Нетрудно представить, какое сильное впечатление произвела на меня семейная хроника Гаррисов. На всем протяжении этой пространного отчета мне мерещилось назойливое присутствие какого-то злого начала, противного самой природе этого мира; было также очевидно, что зло это связано с домом, а не с семьей. Впечатление мое подтверждалось множеством разрозненных фактов, с грехом пополам сведенных моим дядей в подобие системы: я имею в виду рассказы слуг, газетные вырезки, копии свидетельств о смерти и тому подобные вещи. Я не собираюсь приводить здесь этот материал в полном объеме – дядюшка был неутомимым собирателем древностей и испытывал живейший интерес к страшному дому; упомяну лишь несколько наиболее важных моментов, заслуживающих внимания хотя бы потому, что они воспроизводятся во многих сообщениях из разных источников. К примеру, слуги практически единодушно приписывали неоспоримое верховенство в дурном влиянии затхлому и заплесневелому подвалу. Некоторые из них, в том числе Энн Уайт, никогда не пользовались подвальной кухней, и, как минимум, в трех сообщениях говорилось о причудливых, порой человеческих, порой инфернальных очертаниях, которые принимали корни деревьев и налеты плесени в том помещении. Эти сообщения вызвали у меня особый интерес в связи с тем явлением, которое я наблюдал собственными глазами, когда был ребенком, и все же меня не покидало ощущение, что самое главное в каждом из этих случаев было в значительной степени искажено дополнениями, заимствованными из местных легенд о привидениях.
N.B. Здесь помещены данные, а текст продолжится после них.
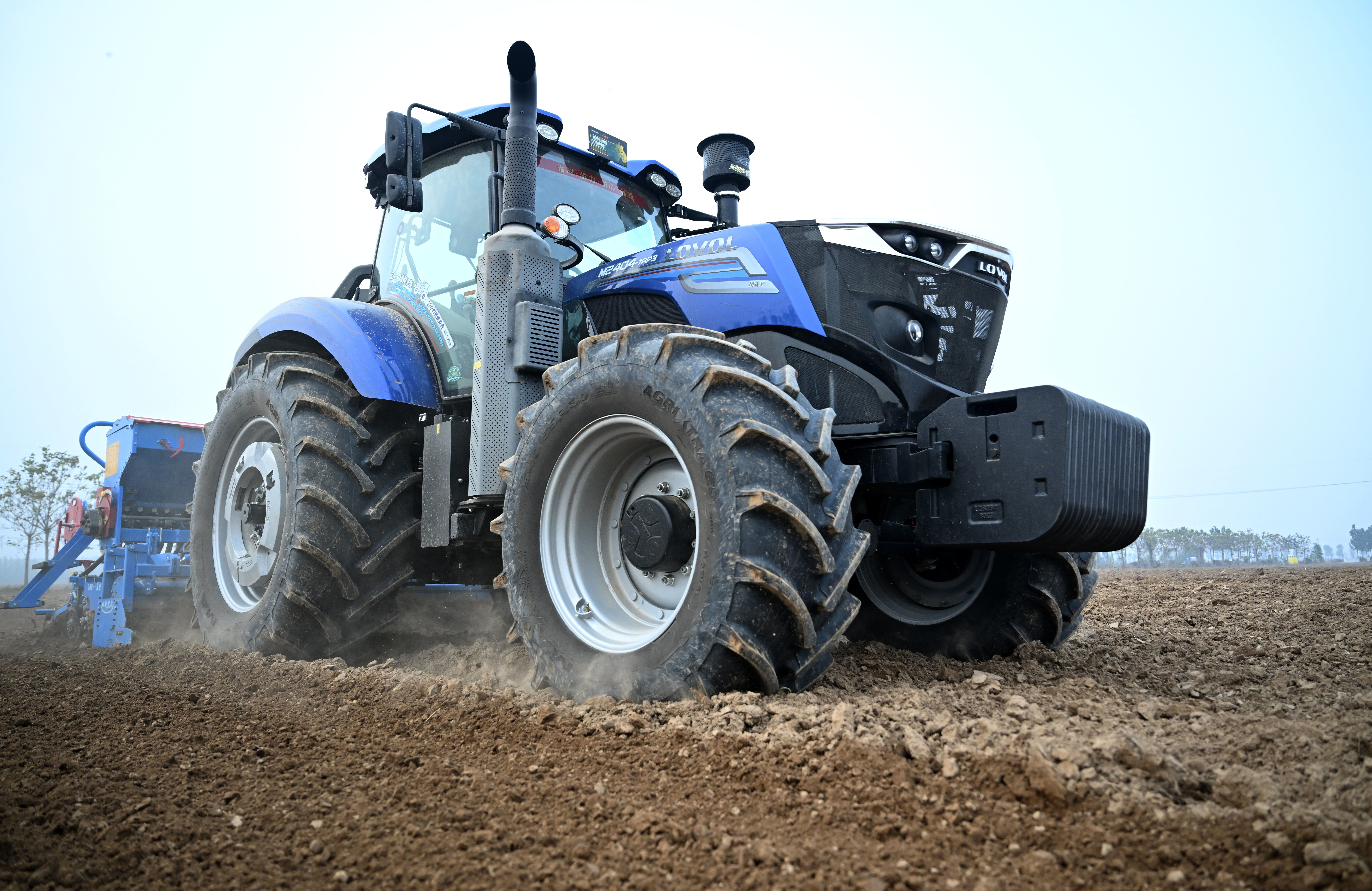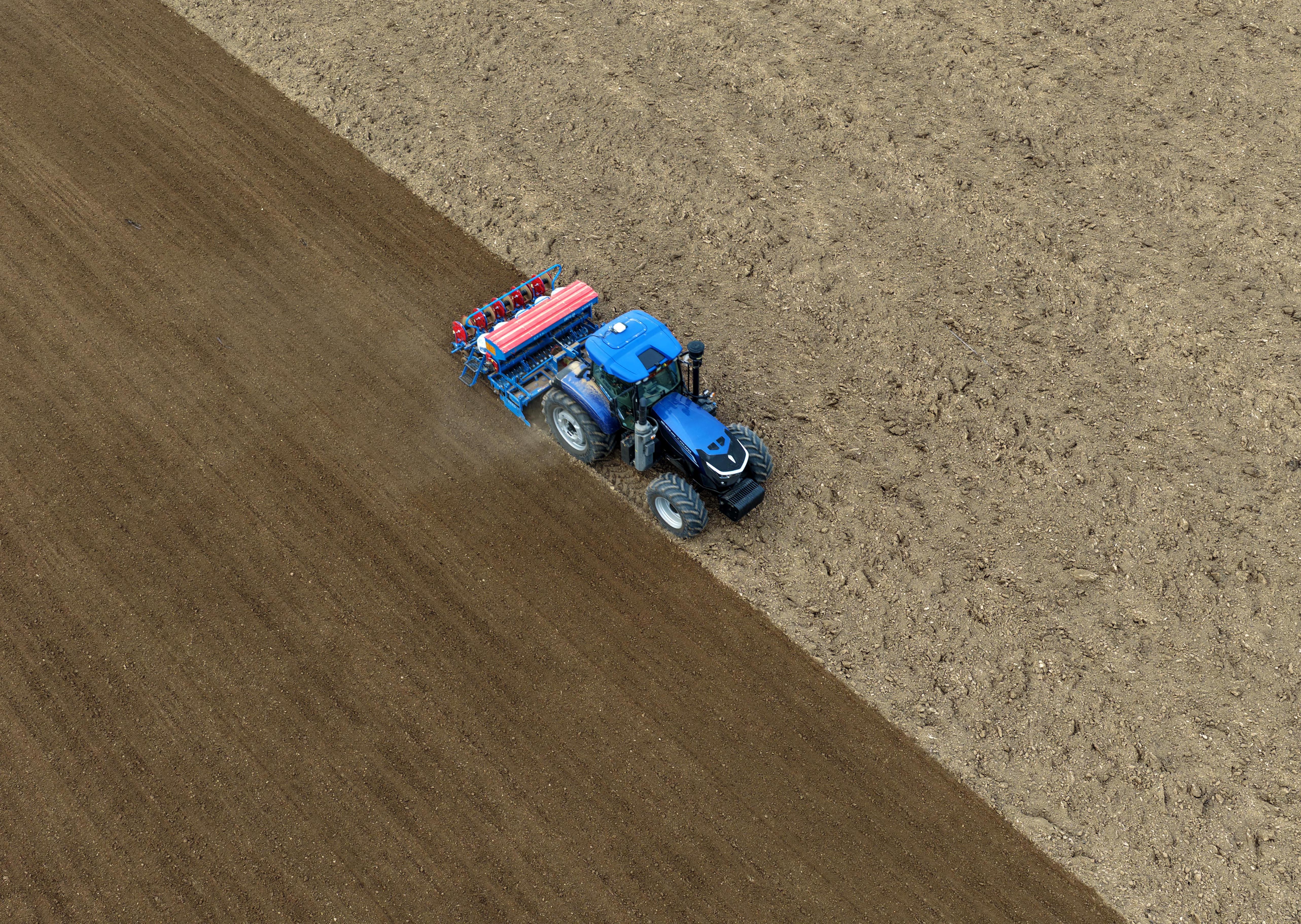 10月30日,在河南省清丰县固城镇张庄里村,无人驾驶拖拉机在进行旋耕播种复合作业。新华社记者 李嘉南 摄

Энн Уайт, болезненно суеверная, как все выходцы из Эксетера, распространяла самую экстравагантную и в то же время самую убедительную версию, уверяя, что прямо под домом находится могила одного из тех вампиров – то есть мертвецов, сохранивших свою телесную оболочку и питающихся кровью или дыханием живых людей, – чьи богомерзкие легионы отправляются по ночам на кровавый промысел в виде телесных образов или призраков. Чтобы уничтожить вампира, как советуют старые люди, его следует откопать и сжечь у него сердце – или хотя бы всадить ему в сердце осиновый кол. В конечном счете настойчивость, с которой Энн требовала проведения раскопок в подвале, и послужила решающей причиной для ее увольнения.
Тем не менее, ее байки имели широкую и благодарную аудиторию и принимались на веру тем охотнее, что дом действительно стоял на месте старого кладбища. Лично меня все эти россказни интересовали постольку, поскольку они удивительно согласовывались с некоторыми другими фактами, а именно: словами заблаговременно уволившегося слуги по прозвищу Береженый Смит, жившего в страшном доме намного раньше Энн и не знавшего ее, который жаловался, будто по ночам нечто неведомое «высасывает из него дыхание»; свидетельствами о смерти четырех жертв лихорадки, выданными доктором Чедом Хопкинсом в 1804 году и констатировавшими у покойников необъяснимое малокровие; и, наконец, с обрывками бредовых причитаний несчастной Роби Гаррис, упоминавшей острые клыки какого-то бестелесного существа с тусклым взглядом.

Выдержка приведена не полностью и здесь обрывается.